The first version of the script that I wrote is also the most verbose:
perl -n -a -e '$total += $F[3]; $num++; END { printf "%12.2f\n", $total / ($num + 0.0); }'
The -a (auto-split) option splits a line up on white space into the array #F. Combined with the -n option (which makes Perl run in a loop that reads the file name arguments in turn, or standard input, without printing each line), the code adds $F[3] (the fourth column, counting from 0) to $total, which is automagically initialized to zero on first use. It also counts the lines in $num. The END block is executed when all the input is read; it uses printf() to format the value. The + 0.0 ensures that the arithmetic is done in floating point, not integer arithmetic. This is very similar to the awk script:
awk '{ total += $4 } END { print total / NR }'
First drafts of programs are seldom optimal — or, at least, I'm not that good a programmer. Revisions help.

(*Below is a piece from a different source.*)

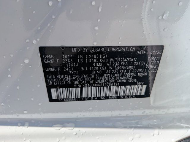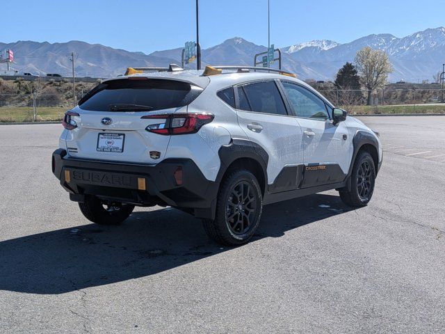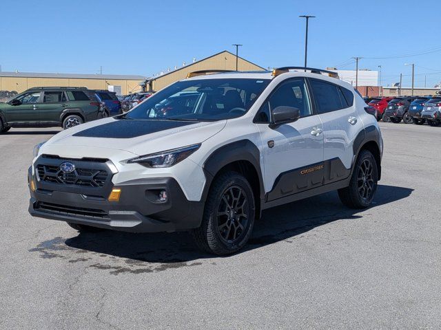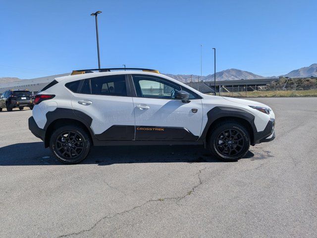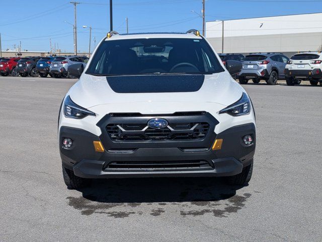 CRYSTAL WHITE PEARL,SPLASH GUARDS - WILDERNESS -inc: Part number J101SFN300,LED UPGRADE -inc: Part number H461SFL060,CROSSTREK MIRROR PACKAGE -inc: Auto-Dimming Mirror w/Compass & HomeLink Part number H501SFN000 Auto-Dimming Exterior Mirror w/Approach Light Part number J201SFN001,REAR BUMPER COVER - WILDERNESS -inc: Part number E771SFN100,BLACK WILDERNESS STARTEX UPHOLSTERY,HARMAN/KARDON AUD & PWR MOONROOF & PWR DRIVER SEAT -inc: 10-Way Power Driver's Seat 2-way lumbar support Power Moonroof tilt up and internal retracting w/auto-open/close and laminated UV and dark tint moonroof glass harman/kardon Speaker System 432 Watt equivalent maximum output amplifier and 10 speakers (4 stacked dash panel side coaxial speakers 2 front door speakers and 4 stacked subwoofer rear door coaxial speakers),All Wheel Drive,Power Steering,ABS,4-Wheel Disc Brakes,Brake Assist,Brake Actuated Limited Slip Differential,Aluminum Wheels,Tires - Front All-Terrain,Tires - Rear All-Terrain,Temporary Spare Tire,Heated Mirrors,Power Mirror(s),Integrated Turn Signal Mirrors,Rear Defrost,Privacy Glass,Intermittent Wipers,Variable Speed Intermittent Wipers,Rear Spoiler,Power Door Locks,Daytime Running Lights,Automatic Headlights,Headlights-Auto-Leveling,LED Headlights,Automatic Highbeams,Fog Lamps,AM/FM Stereo,Satellite Radio,MP3 Capability,Bluetooth Connection,Auxiliary Audio Input,HD Radio,Smart Device Integration,Requires Subscription,MP3 Capability,Steering Wheel Audio Controls,Bluetooth Connection,Bucket Seats,Heated Front Seat(s),Pass-Through Rear Seat,Rear Bench Seat,Adjustable Steering Wheel,Trip Computer,Power Windows,WiFi Hotspot,Leather Steering Wheel,Heated Steering Wheel,Keyless Entry,Power Door Locks,Keyless Start,Keyless Entry,Power Door Locks,Remote Trunk Release,Cruise Control,Adaptive Cruise Control,Climate Control,Multi-Zone A/C,A/C,Premium Synthetic Seats,Driver Vanity Mirror,Passenger Vanity Mirror,Driver Illuminated Vanity Mirror,Passenger Illuminated Visor Mirror,Floor Mats,Cargo Shade,Keyless Start,Smart Device Integration,Power Windows,Power Door Locks,Trip Computer,Security System,Immobilizer,Cruise Control Steering Assist,Traction Control,Stability Control,Traction Control,Front Side Air Bag,Lane Departure Warning,Lane Keeping Assist,Lane Departure Warning,Front Collision Mitigation,Driver Monitoring,Telematics,Requires Subscription,Blind Spot Monitor,Cross-Traffic Alert,Rear Collision Mitigation,Evasion Assist,Tire Pressure Monitor,Driver Air Bag,Passenger Air Bag,Front Head Air Bag,Rear Head Air Bag,Passenger Air Bag Sensor,Front Side Air Bag,Rear Side Air Bag,Knee Air Bag,Child Safety Locks,Back-Up Camera

Perl was designed, in part, as an awk killer. There is still a program a2p distributed with Perl for converting awk scripts to Perl (and there's also s2p for converting sed scripts to Perl). And Perl does have an automatic (built-in) variable that keeps track of the number of lines read. It has several names. The tersest is $.; the mnemonic name $NR is available if you use English; in the script; so is $INPUT_LINE_NUMBER. So, using $num is not necessary. It also turns out that Perl does a floating point division anyway, so the + 0.0 part was unnecessary. This leads to the next versions:
perl -MEnglish -n -a -e '$total += $F[3]; END { printf "%12.2f\n", $total / $NR; }'
or:
perl -n -a -e '$total += $F[3]; END { printf "%12.2f\n", $total / $.; }'
You can tune the print format to suit your whims and fancies. This is essentially the script I'd use in the long term; it is fairly clear without being long-winded in any way. The script could be split over multiple lines if you desired. It is a simple enough task that the legibility of the one-line is not a problem, IMNSHO. And the beauty of this is that you don't have to futz around with split and arrays and read loops on your own; Perl does most of that for you. (Granted, it does blow up on empty input; that fix is trivial; see below.)
Recommended version
perl -n -a -e '$total += $F[3]; END { printf "%12.2f\n", $total / $. if $.; }'
The if $. tests whether the number of lines read is zero or not; the printf and division are omitted if $. is zero so the script outputs nothing when given no input.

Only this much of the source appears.